Haunted I was by a rasping instinct
That soon I would not be any more.
The horror of oblivion, the dread of nothingness
Morphed into an eerie allure, a mystic affinity
With death, my nemesis.
The ominous bird of my imagination
Soared in the dark realm of reverie
To touch the void, to see its nothingness
A vague rendition, a concept I could surmise.

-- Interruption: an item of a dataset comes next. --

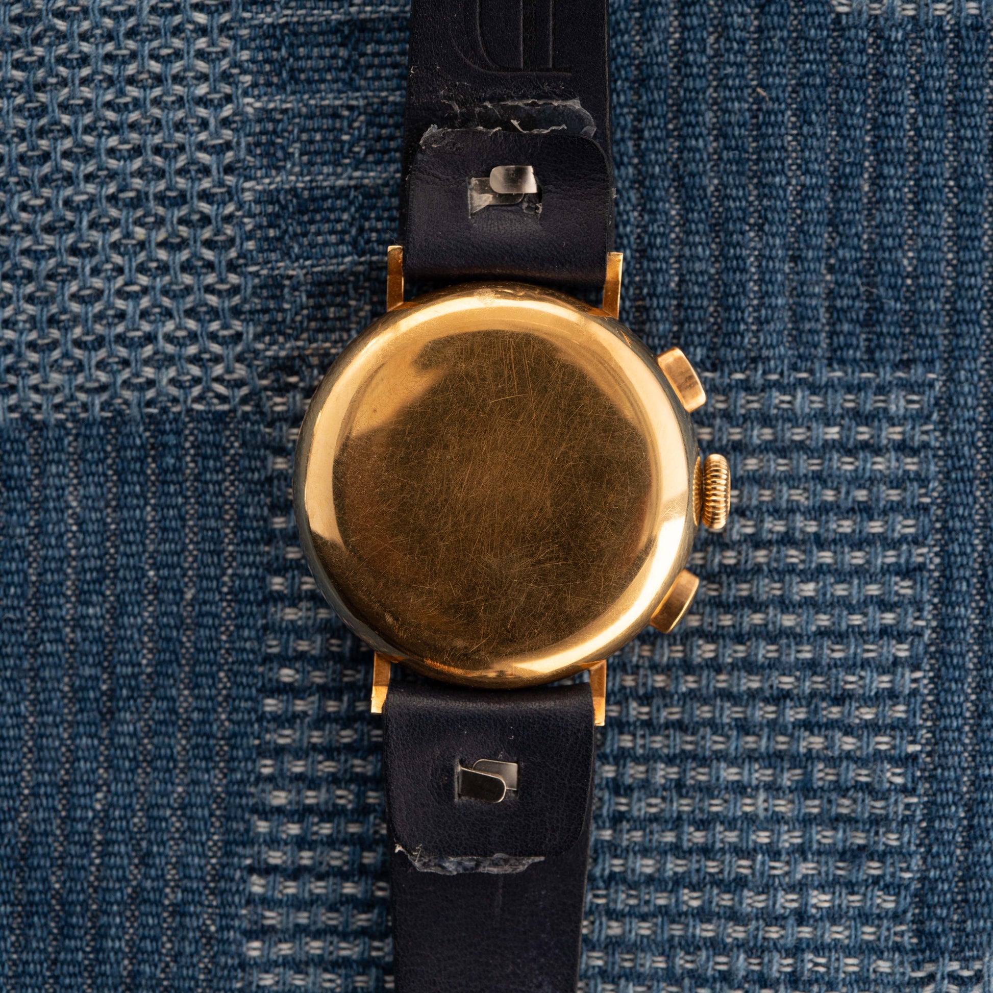 Experience this Omega chronograph, driven by the renowned 33.3 movement from Lemania. This distinctive and exceedingly rare timepiece showcases an oversized case crafted from 18 kt yellow gold, meticulously fashioned and presented in impeccable condition. The watch comprises a three-part case, a snap-on back and crown, an "Olive" shaped pusher, and fixed lugs, all encased within a flat bezel. The dial is a marvel of design, featuring a remarkable three-tone color scheme, "Arabic" numerals, and a multi-scale layout, seamlessly merging impeccable aesthetics with practical sophistication. This Omega exemplifies the artistry of fine watchmaking, encapsulating elegance and precision in every aspect.

I wrote about the abyss, mocked its shadow
Praised the mystery and scorned its malice
Yearn to discern its magic.
I delved into a trance
And death appeared to me
Then it was everywhere
To keep me company
I shared with death many anecdotes
And it revealed to me so many more.
Its tales I found gloomy yet,
Fascinating to hear, so captivated I was.
Oh! Death knows a lot
It has seen it all
Death is resourceful, crafty and shrewd
At times so merciless too
But in all fairness,
Not as awful as I thought.
It does have a sense of humor
That I don’t care for at all
Once it said and I quote “Life is perhaps, death is certain.”
The wisdom was profound
The tone and the smirk on its face turned me off.
Death has its own quirks
And a softer side one needs to realize.
Ironic yes, but death appreciates art
Although it knows well
One by creating will never die.
Based on our common instinct for survival
Death and I formed an alliance, a sordid affair.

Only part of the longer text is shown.